The microfilariae are transferred into a vector, which are most commonly mosquito species of the genera Culex, Anopheles, Mansonia, and Aedes. Inside the mosquito, the microfilariae mature into motile larvae called juveniles; these migrate to the labium after a period around 10 days. When the infected mosquito has its next blood meal, W. bancrofti larvae are deposited from the mouthparts onto the skin of the prospective host and migrate through microcuts in the dermis or the tract created by the proboscis into the bloodstream of the new human host. The larvae move through the lymphatic system to regional lymph nodes, predominantly in the legs and genital area. The larvae develop into adult worms over the course of a year, and reach sexual maturity in the afferent lymphatic vessels. After mating, the adult female worm can produce thousands of microfilariae that migrate into the bloodstream. A mosquito vector can bite the infected human host, ingest the microfilariae, and thus repeat the lifecycle. The organism notably does not multiply within its intermediate host, the mosquito.

==History==
The effects of W. bancrofti were documented early in ancient texts. Ancient Greek and Roman writers noted the similarities between the enlarged limbs and thickened, cracked skin of infected individuals to that of elephants, hence the name elephantiasis to describe the disease.

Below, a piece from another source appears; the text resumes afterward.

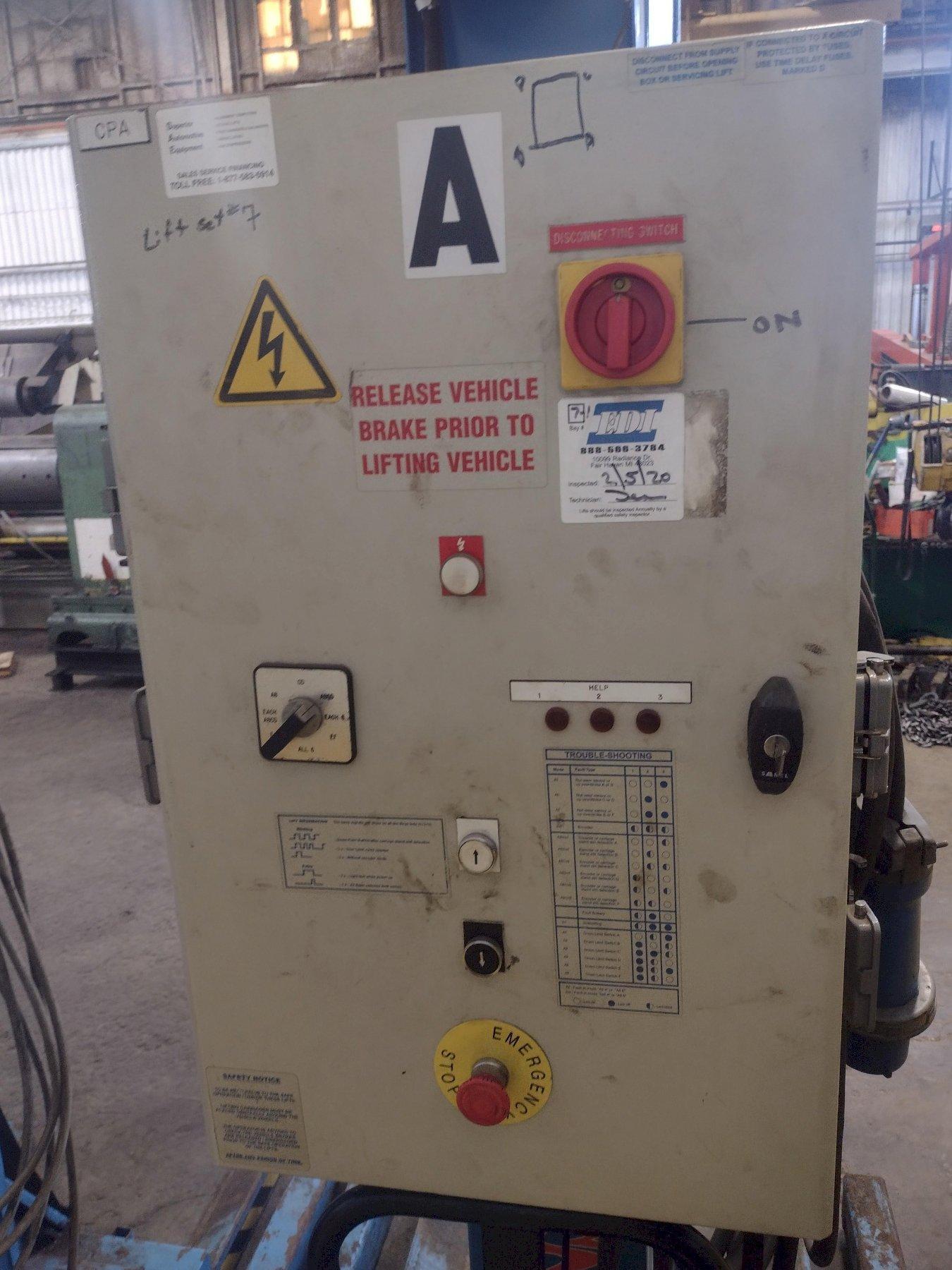 SERIAL ............... 48857YEAR NEW ............. 2006MODEL ................ 1200-M-72LIFTING CAPACITY ..... 16,000 LBS PER COLUMNLIFTING HEIGHT ....... 72" MAXTIRE SIZE ............ 38" TO 45"LIFT MODES ........... SINGLE, GROUP, PAIRCONTROLS ............. PUSH BUTTON & PENDANT

In 1862 in Paris, Jean-Nicolas Demarquay found what appeared to be nematode worms in the fluid aspirated from a hydrocele in a young man from Havana, Cuba. Unaware of this observation, three years later in Bahia, Brazil, Otto Wucherer found these same worms but this time in urine from a woman with chyluria. Ignorant of both these observations, Timothy Lewis in India in 1870 found them in the urine of an Indian with chyluria then two years later found them in blood. Some of Lewis's specimens were examined in the same year in England by George Busk who named them Filaria sanguinis hominis. In 1876 and 1877, Joseph Bancroft in Brisbane, Australia found adult worms in lymphatic abscesses in patients with larvae in the blood. He sent them to Spencer Cobbold in London who named them Filaria Bancrofti. Patrick Manson in Xiamen, China (then called Amoy) made two important observations. Firstly he discovered in 1877 that if Culex quinquefasciatus and Aedes aegypti mosquitoes fed on a person with larvae (microfilariae) in the blood, they moulted twice in the insects' abdomen and became larger worms now called infective larvae. Secondly, he found in 1879 that the blood-dwelling forms had a nocturnal periodicity with large numbers appearing in the blood around midnight with minimal numbers in the middle of the day. This coincided with the biting habits of these mosquitoes. Manson surmised that infected mosquitoes drowned and infective larvae were ingested in water. In 1899, Thomas Bancroft in Brisbane fed laboratory-reared mosquitoes on a patient with microfilaraemia, kept them for 16 days, then sent some specimens to George Low in London. Low prepared histological sections of the mosquitoes and found that the larvae migrated from the abdomen to the thorax to the salivary glands then passed down the proboscis suggesting that infective larvae were injected at a subsequent mosquito bite. In 1902, Thomas Bancroft proved that this was the mode of transmission using a related worm, Dirofilaria immitis, and generated adult worms in experimentally infected dogs. In 1921, Léon Seurat erected the genus Wuchereria and placed this worm in it as Wuchereria bancrofti.

W. bancrofti is speculated to have been brought to the New World by the slave trade. Once it was introduced to the New World, this filarial worm disease persisted throughout the areas surrounding Charleston, South Carolina, until its sudden disappearance in the 1920s.